**What the task requires:** Copy each entry below exactly. No images.

+++ Extracted information

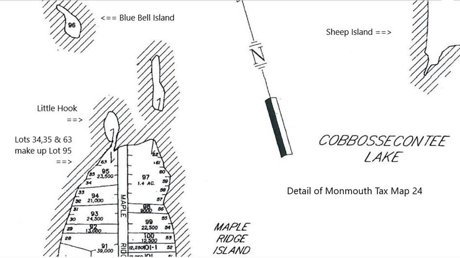 images of Maple Ridge Island with approximate boundary lines of Lot #95 (119
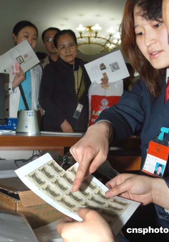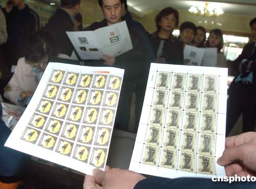 四月五日,新中國第一套地方版印花稅票《北京印花稅票之一北京胡同》在北京市各區(qū)縣地稅局向社會發(fā)售。此套印花稅票有九種面值,由北京市地方稅務局發(fā)行、國家郵政局郵票印制局印制,極具收藏價值。圖為北京市東城區(qū)地稅局工作人員展示新舊兩版印花稅票,圖右為新版印花稅票。作者:張宇
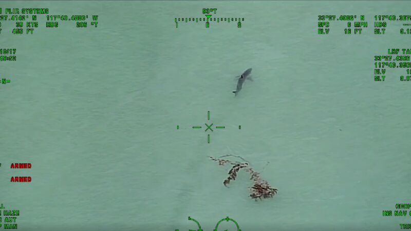 Un helicóptero de policía avistó 15 tiburones blancos en la playa de Capistrano, en California. En el vídeo, grabado por el departamento de policía del Condado de Orange (California), se ve a los tiburones alrededor de la línea en la que se practica surf, muy frecuente en esta playa.
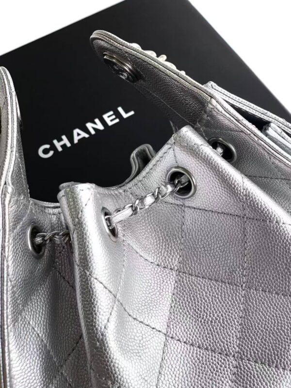 Chanel Silver Grained Calfskin Drawstring Bucket Bag
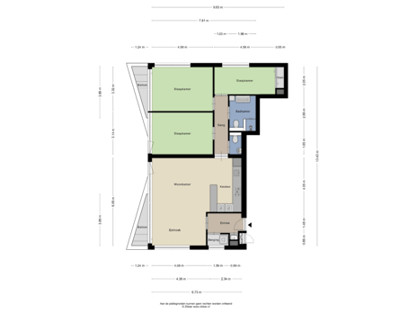 Entree, hal, stookruimte, wasruimte, ruime woonkamer met open keuken voorzien van 5-pits gaskookplaat, afzuigkap, koelkast, vriezer, vaatwasser, oven en magnetron. Vanuit de woonkamer is er toegang tot het balkon op het oosten en de gang, welke toegang biedt tot het toilet (modern). Dit appartement beschikt over maar liefst drie slaapkamers, welke alle drie royaal te noemen zijn! Eén van de slaapkamers heeft toegang tot het balkon op het zuidoosten en één slaapkamer beschikt over een vast kastenwand.
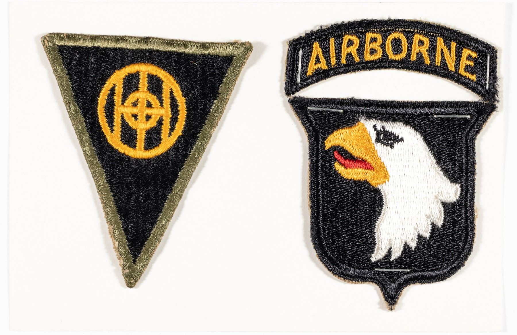 Lot of two US Army patches for the 83rd Division and the 101st Airborne Division. Stapled to index cards.
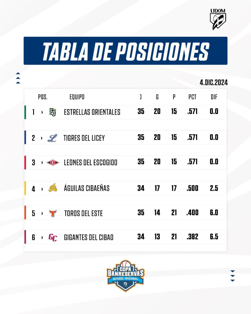 Santo Domingo.- La Liga de Beisbol Profesional de República Dominicana (LIDOM) ha publicado la tabla de posiciones más actualizada, en base a los resultados de los últimos partidos de la pelota invernal.
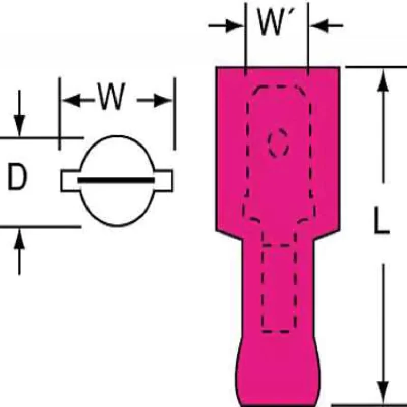 Male Disconnect, Insulation Full, Insulation Type Nylon, Insulation Color Red, Wire Range 22 to 18 AWG, Tab Size 0.020 in x 0.187 in, Barrel Inside Dia. 0.08 in, Max. Temp. 221 Degrees F, Max. Voltage 600 V, Overall Length 0.87 in, Seam Butted, Connection Material Tin-Plated Copper, Standards CSA Certified, RoHS Compliant, UL Listed, Connection Type Crimp, Package Quantity 1000

++++++

**Answer to this problem:**
 images of Maple Ridge Island with approximate boundary lines of Lot #95 (119
 四月五日,新中國第一套地方版印花稅票《北京印花稅票之一北京胡同》在北京市各區(qū)縣地稅局向社會發(fā)售。此套印花稅票有九種面值,由北京市地方稅務局發(fā)行、國家郵政局郵票印制局印制,極具收藏價值。圖為北京市東城區(qū)地稅局工作人員展示新舊兩版印花稅票,圖右為新版印花稅票。作者:張宇
 Un helicóptero de policía avistó 15 tiburones blancos en la playa de Capistrano, en California. En el vídeo, grabado por el departamento de policía del Condado de Orange (California), se ve a los tiburones alrededor de la línea en la que se practica surf, muy frecuente en esta playa.
 Chanel Silver Grained Calfskin Drawstring Bucket Bag
 Entree, hal, stookruimte, wasruimte, ruime woonkamer met open keuken voorzien van 5-pits gaskookplaat, afzuigkap, koelkast, vriezer, vaatwasser, oven en magnetron. Vanuit de woonkamer is er toegang tot het balkon op het oosten en de gang, welke toegang biedt tot het toilet (modern). Dit appartement beschikt over maar liefst drie slaapkamers, welke alle drie royaal te noemen zijn! Eén van de slaapkamers heeft toegang tot het balkon op het zuidoosten en één slaapkamer beschikt over een vast kastenwand.
 Lot of two US Army patches for the 83rd Division and the 101st Airborne Division. Stapled to index cards.
 Santo Domingo.- La Liga de Beisbol Profesional de República Dominicana (LIDOM) ha publicado la tabla de posiciones más actualizada, en base a los resultados de los últimos partidos de la pelota invernal.
 Male Disconnect, Insulation Full, Insulation Type Nylon, Insulation Color Red, Wire Range 22 to 18 AWG, Tab Size 0.020 in x 0.187 in, Barrel Inside Dia. 0.08 in, Max. Temp. 221 Degrees F, Max. Voltage 600 V, Overall Length 0.87 in, Seam Butted, Connection Material Tin-Plated Copper, Standards CSA Certified, RoHS Compliant, UL Listed, Connection Type Crimp, Package Quantity 1000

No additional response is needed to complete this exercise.